The second is competitive shape. In 2026, fewer than 5% of B2B sites publish content that follows the 9 Princeton GEO methods consistently. The bar is low. A team that ships 4 well-structured articles a month for 6 months will lap competitors who ship 12 fluffy listicles a month, because AI engines are quality-sensitive in a way Google never quite was.
You don't need a bigger content team. You need a tighter checklist.
FAQ
How do I write articles that get cited by large language models?
Open every section with a direct answer to the question it addresses. Back every major claim with a specific number or named source. Keep paragraphs to 3 sentences or fewer. Use 2 to 3 expert quotes with full attribution. Add a 5 to 8 question FAQ section pulled from real LLM search queries. Avoid keyword stuffing: repeat your primary keyword 2 to 3 times max.
What is the most important technique for getting cited by ChatGPT?

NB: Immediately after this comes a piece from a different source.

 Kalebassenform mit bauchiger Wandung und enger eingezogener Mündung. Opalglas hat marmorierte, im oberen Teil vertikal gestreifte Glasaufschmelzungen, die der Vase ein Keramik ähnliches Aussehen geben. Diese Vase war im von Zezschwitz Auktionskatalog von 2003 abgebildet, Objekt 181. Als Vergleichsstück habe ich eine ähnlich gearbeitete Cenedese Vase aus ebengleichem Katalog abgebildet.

Citing authoritative sources. The Princeton GEO study (KDD 2024) measured a +40% citation visibility lift from adding 5 to 8 inline references to .edu, .gov, peer-reviewed journals, or recognized industry publications. It's the single most effective technique tested.

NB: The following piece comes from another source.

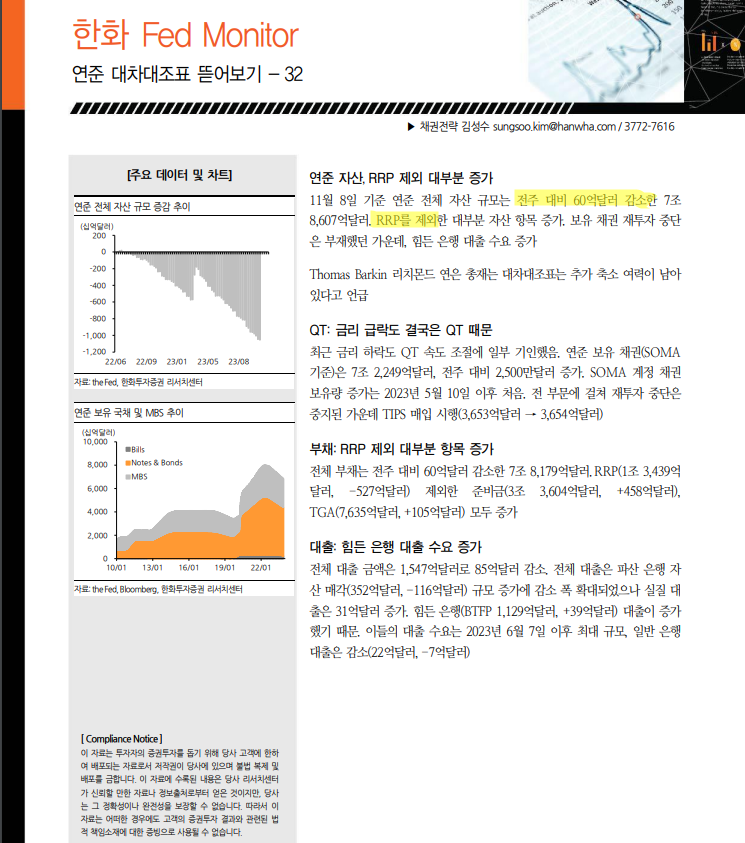 231123_연준 대차대조표 뜯어보기: QT속도 감속, RRP만 감소

How long should an article be to get cited by AI?
Length matters less than density. 1,500 to 2,500 words is the sweet spot for most listicles, comparisons, and how-to guides. Shorter pieces (800 to 1,200 words) work better for tight FAQ-style content. The bigger factor is whether each section opens with a direct, quotable answer, not raw word count.
What's the difference between writing for Google and writing for AI?
Google rewards keyword targeting, backlinks, and click-through optimization. AI engines reward citation-worthy sentences: clear positions, named sources, specific data, and clean structure. There's overlap (well-structured content helps both), but optimizing exclusively for Google often produces hedged, keyword-stuffed prose that AI engines refuse to quote.
Can I use AI to write articles that get cited by AI?
Yes, when the output passes the citation test. AI-generated content with specific statistics, real outbound citations, expert quotes, and a clear authoritative position performs as well as human writing in the Princeton GEO study. AI-generated content that's generic, sourceless, or keyword-stuffed performs worse than no content. Format and substance matter more than authorship.
How many citations should a 2,000-word article have?
Five to eight inline citations to authoritative sources, plus 5 to 10 specific statistics with named sources, plus 2 to 3 expert quotes with full attribution. Total: roughly 15 to 20 verifiable references in a 2,000-word piece. That's the density AI engines reward.
Why does my AI-written content not get cited even though it's well-structured?
Three common reasons. First, the prose is technically clean but vague: no specific numbers, no named sources, no quotable opinions. Second, the AI bots haven't crawled the page yet (check robots.txt and your access logs). Third, the page has no FAQ section, so it loses to competitors whose H3 questions match the user prompt structurally.
What tools help me write for AI search optimization?
xSeek finds which prompts to target by mining real LLM web searches and surfacing content gaps. Surfer SEO scores drafts against the top-ranking pages in real time. Frase.io ships volume on a budget at $49/mo. Use one of each, not five overlapping tools.